-
Notifications
You must be signed in to change notification settings - Fork 3
Refactoring Code
The current satay code base contains large scripts (such as transposon-mapping.py) that perform many tasks and some modules that are called in these scripts. In order keep the code base easy to understand and accessible for testing, the code needs to be refactored. Refactoring is the technique of changing an application (either the code or the architecture) so that it behaves the same way on the outside, but internally has improved. These improvements can be stability, performance, or reduction in complexity. Generally, refactoring existing code bases with large scripts aims at breaking the code into smaller modules.
Below are some general considerations and an example on refactoring and writing modular code. If you would like to have a more hands-on training, please have a look at these links:
Modular programming refers to the process of breaking a large, unwieldy programming task into separate, smaller, more manageable subtasks or modules. Individual modules can then put combined like building blocks to create a larger application.
There are several advantages to modularizing code in a large application:
-
Simplicity: Rather than focusing on the entire problem at hand, a module typically focuses on one relatively small portion of the problem. If you’re working on a single module, you’ll have a smaller problem domain to wrap your head around. This makes development easier and less error-prone.
-
Maintainability: Modules are typically designed so that they enforce logical boundaries between different problem domains. If modules are written in a way that minimizes interdependency, there is decreased likelihood that modifications to a single module will have an impact on other parts of the program. (You may even be able to make changes to a module without having any knowledge of the application outside that module.) This makes it more viable for a team of many programmers to work collaboratively on a large application.
-
Reusability: Functionality defined in a single module can be easily reused (through an appropriately defined interface) by other parts of the application (or other applications entirely). This eliminates the need to duplicate code.
-
Scoping: Modules typically define a separate namespace, which helps avoid collisions between identifiers in different areas of a program.
From: https://realpython.com/python-modules-packages/
The first task in the script transposon-mapping.py is loading a BAM file.
#%% LOADING BAM FILE
if bamfile is None:
path = os.path.join('/home', 'gregoryvanbeek', 'Documents', 'data_processing')
# filename = 'E-MTAB-4885.WT2.bam'
filename = 'SRR062634.filt_trimmed.sorted.bam'
bamfile = os.path.join(path,filename)
else:
filename = os.path.basename(bamfile)
path = bamfile.replace(filename,'')
assert os.path.isfile(bamfile), 'Bam file not found at: %s' % bamfile #check if given bam file exists
This single task would be easier to maintain and test if it was a separate function. Some observations:
- The code is not actually loading a BAM file, only verifying its presence.

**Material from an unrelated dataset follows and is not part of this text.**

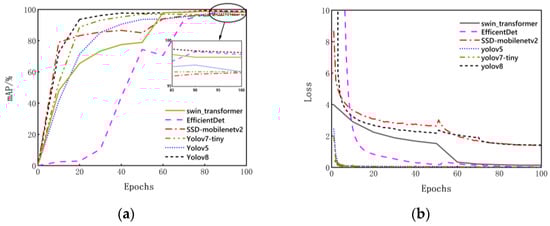 Curve of mAP and loss on validation set during training of different models (a) is curve of mAP. (b) is curve of loss.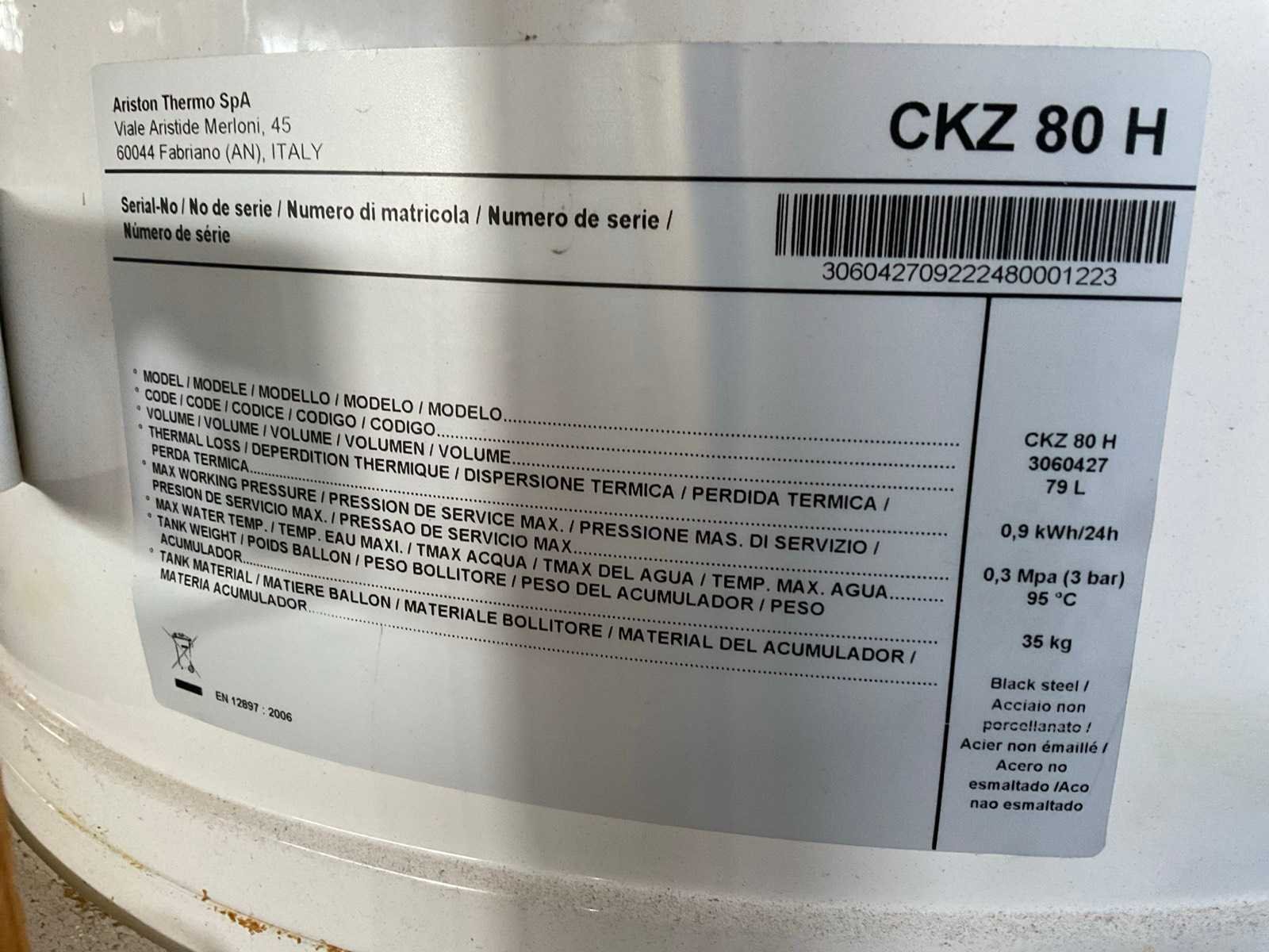 Inhoud: 79L. Ongebruikt Merk: Ariston Type: CKZ 80 H Bouwjaar: 2006 Serienummer: 3060427 Vermogen: 900W Eigen gewicht: 35kg Totale afmeting L: 600mm Totale afmeting Breedte: 600mm Totale afmeting Hoogte: 800mm

- The code contains references to local files and folders
This can be turned into a separate function with one task:
def verify_presence_bamfile(path=None, filename=None):
"""
Docstring
"""
if path and filename:
bamfile = os.path.join(path,filename)
elif not path or not filename:
# Some default behaviour, such as looking for the .bam extension in the current folder.
However, this would add a second functionality to the function, namely find_bamfile
assert os.path.isfile(bamfile), 'Bam file not found at: %s' % bamfile
This new function (or module) can then be added to a script load_bamfile.py
in a folder containing all scripts pertaining to data importing. This script could then later also contain the import routines for bamfiles. The existing code in transposon-mapping.py
can the be replaced with
# Add to module import
from satay.importing import verify_presence_bamfile
# Set parameters, preferably in a separate config file
PATH = "path/to/file"
FILENAME = "filename.bam"
# Run code
verify_presence_bamfile(path=PATH, filename=FILENAME)
Of course, if more filetypes need to be verified, then the refactored function can be made more general further still.
While you're refactoring the code base to make it more modular, you might find better ways of writing the code altogether. Might as well take the opportunity! Below are some pointers to think of.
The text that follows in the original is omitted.